Muslim wrestler goes to the mat for his religious beliefs

UB student’s beliefs call for a beard

Muhamed McBryde has loved wrestling ever since he can remember, but when he had to choose between shaving his beard and competing for the University at Buffalo, the decision was easy.

McBryde sat on the sidelines.

The pre-med student believes shaving the beard would compromise his faith. He is Muslim.

Even though NCAA rules clearly state that all competing wrestlers must be cleanshaven, the 17-year-old junior said he never considered getting rid of his facial hair.

“My religion says you’re supposed to keep a beard,” said McBryde of Buffalo.

His refusal to shave, though, cost him nearly a full season of competition.

The Council on American-Islamic Relations (CAIR), the nation’s largest Muslim civil rights and advocacy organization, today said that a Muslim wrestler at the University at Buffalo in New York has been granted a waiver by the NCAA to wear a beard he believes is required by his faith.

That action by the NCAA Wrestling Rules Committee came after CAIR’s intervention and after the civil rights group urged university officials to request the waiver. The Muslim wrestler will be allowed to compete with a beard during the 2014-15 season as long as he wears a face mask and chin strap.

NCAA rules currently ban beards, but they are permitted in international competition, including the Olympics.

“Now that this individual waiver has been granted, we will work with the NCAA to change its policy to allow beards for all competitors nationwide,” said Sadyia Khalique, director of operations for CAIR’s New York chapter (CAIR-NY).
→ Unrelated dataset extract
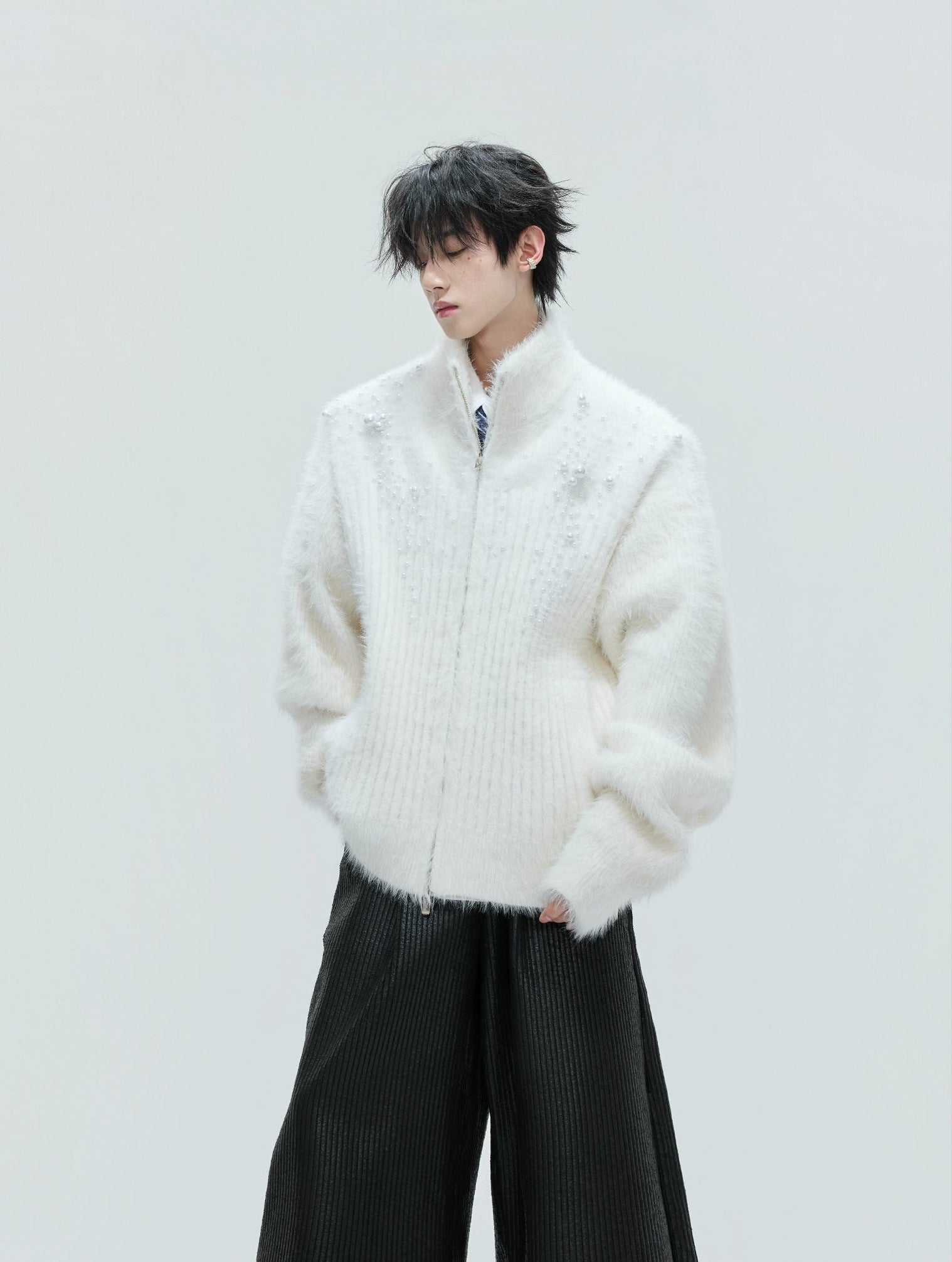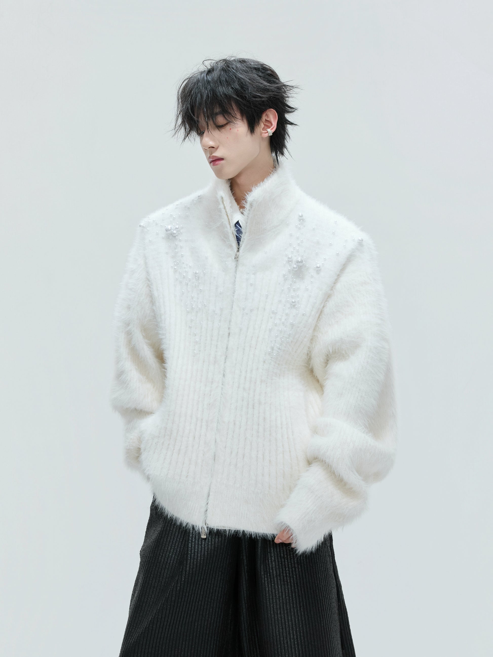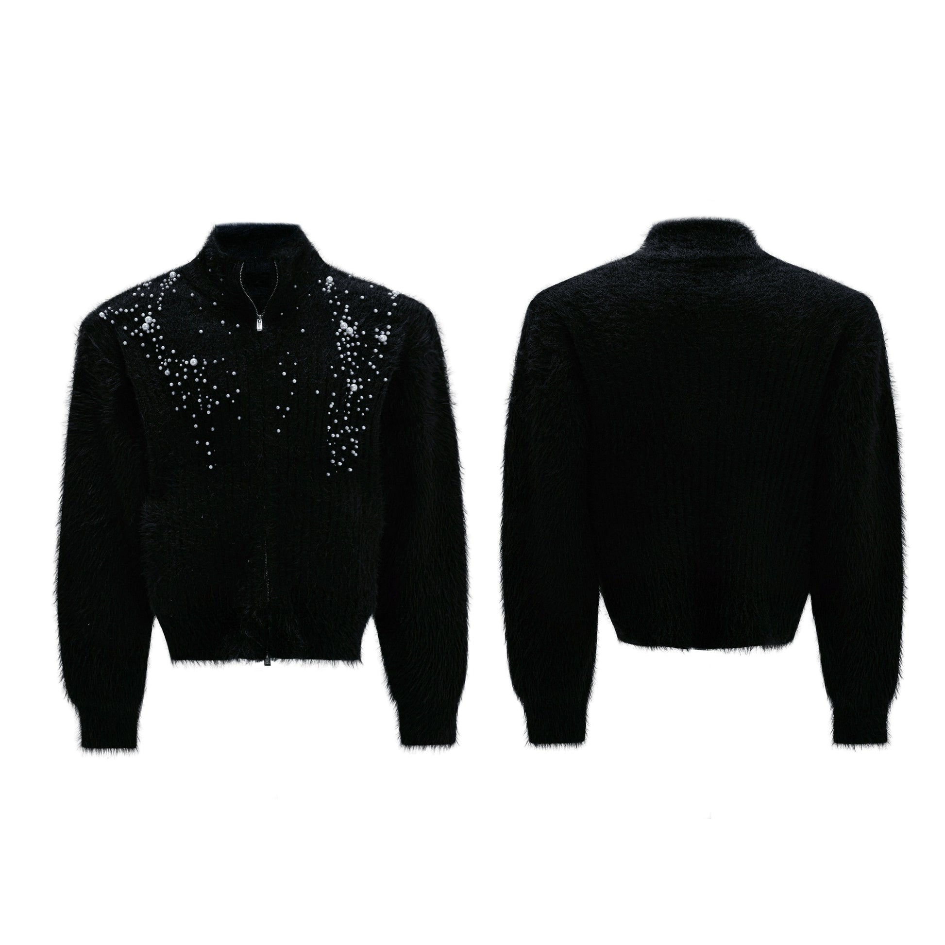 【25s Nov.】High-neck Plush Pearl Embellished Sweater

The wrestler’s family initially contacted CAIR-NY, which brought the issue to the university.

“We welcome this reasonable religious accommodation by the NCAA, which will enable Muslim athletes to participate in wrestling without violating their religious beliefs,” said CAIR Staff Attorney Gadeir Abbas, who worked with the family, the university and the NCAA to obtain the waiver.